Mesrine – Killer Instinct

                The first part of a two-part dramatised biopic about Jacques Mesrine. Mesrine, on the evidence of this film, had a tumultuous career in criminal activity that he sometimes justified as being politically motivated. The period covered here ranges from the 50s to the 70s, and follows Mesrine from, briefly, the French Algerian war and his return to France, and on to Canada and the U.S.A. Although much is based on Mesrine’s own account, incidental facts about Mesrine, what he said to an accomplice after such and such a job, for example, are not necessarily true, and a dislcaimer to this effect prefaces the screenplay. In particular, we could easily believe that there is some self-serving going on, albeit not enough to suggest that Mesrine is a “nice guy” beneath it all.

                There is little interpretation or meditation on Mesrine’s character and its formative influences. For example, he is shown to have had a duty as a kind of executioner in the French-Algerian conflict, but we aren’t told how he got that position, whether he sought it, or whether it was thrust upon him. So, is this film about Mesrine, or is it a dramatic film first and foremost? Certainly, the presentational style ramps up the drama, with the result that an air of uneasy foreboding is the dominating mood and, thanks in no small amount to the pulsing incidental music, we follow Mesrine through the planning and execution of his various escapades pitched reasonably near to the edge of our seats.

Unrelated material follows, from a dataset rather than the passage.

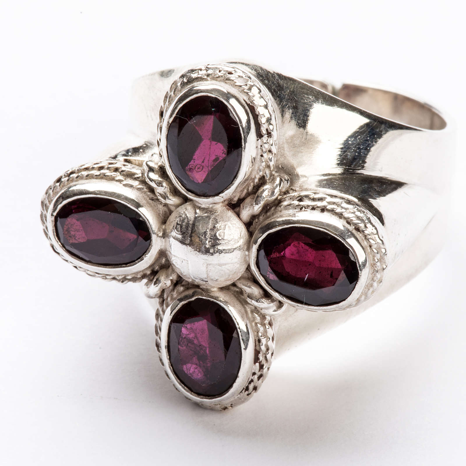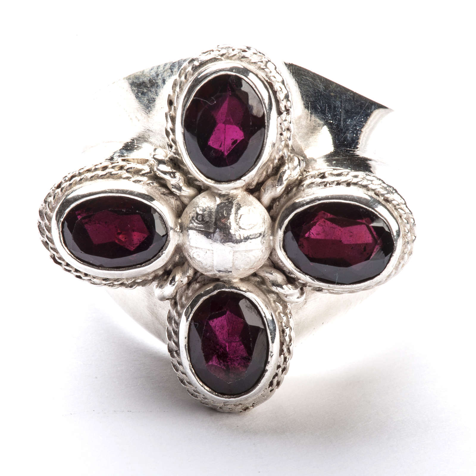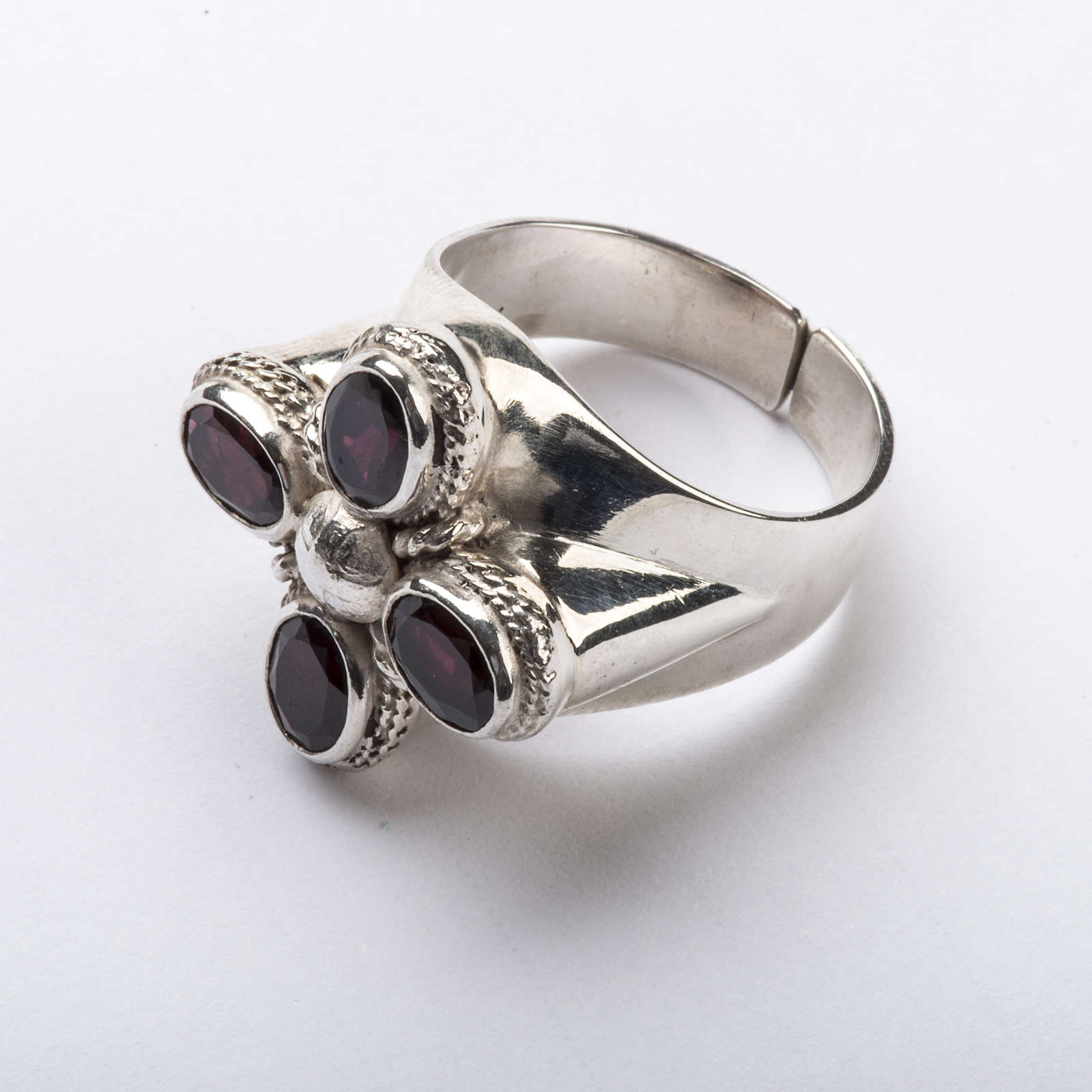 Pierścień biskupi srebro 925 z 4 granatami, cennymi kamieniami szlachetnymi.

                Times being what they were there is a refreshing absence of convoluted paper trails, wire taps, GPS trackers, and similar technically-oriented crimefighting  tools that have featured prominently in some recent crime movies. In Mesrine’s, simpler, time, it is suggested, a sense of derring do, a quick wit and a pistol (or unarmed, as was the case for one of his first accomplices), could get you far in the underworld. These things could get you out of prison, for example, and back in the business of  liberating the treasures that the wealthy kept, either under their mattresses, or in banks that had neither panic buttons nor security guards. Vincent Cassel fills out the burly hoodlum persona and Mesrine comes across as principally an action-man, a “live in the moment” type, but Cassel also conveys a sense of the cynical egotism that Mesrine might have accessed to justify his actions to himself.

                In addition to the novelty of the context and the setting, a criminal story in mid 20th century France and Canada is not something you come across every day, the film has strong technical elements that help to keep our interest. Principal among these were the way in which shots of the actors were varied between close-ups and full-length shots. A prison-yard sequence is handled well, we are quickly familiarised with the prison’s scale and boundaries through well-selected establishing shots. We are left with a teaser encouraging us to seek out the sequel, Mesrine – Public Enemy Number One, and I will.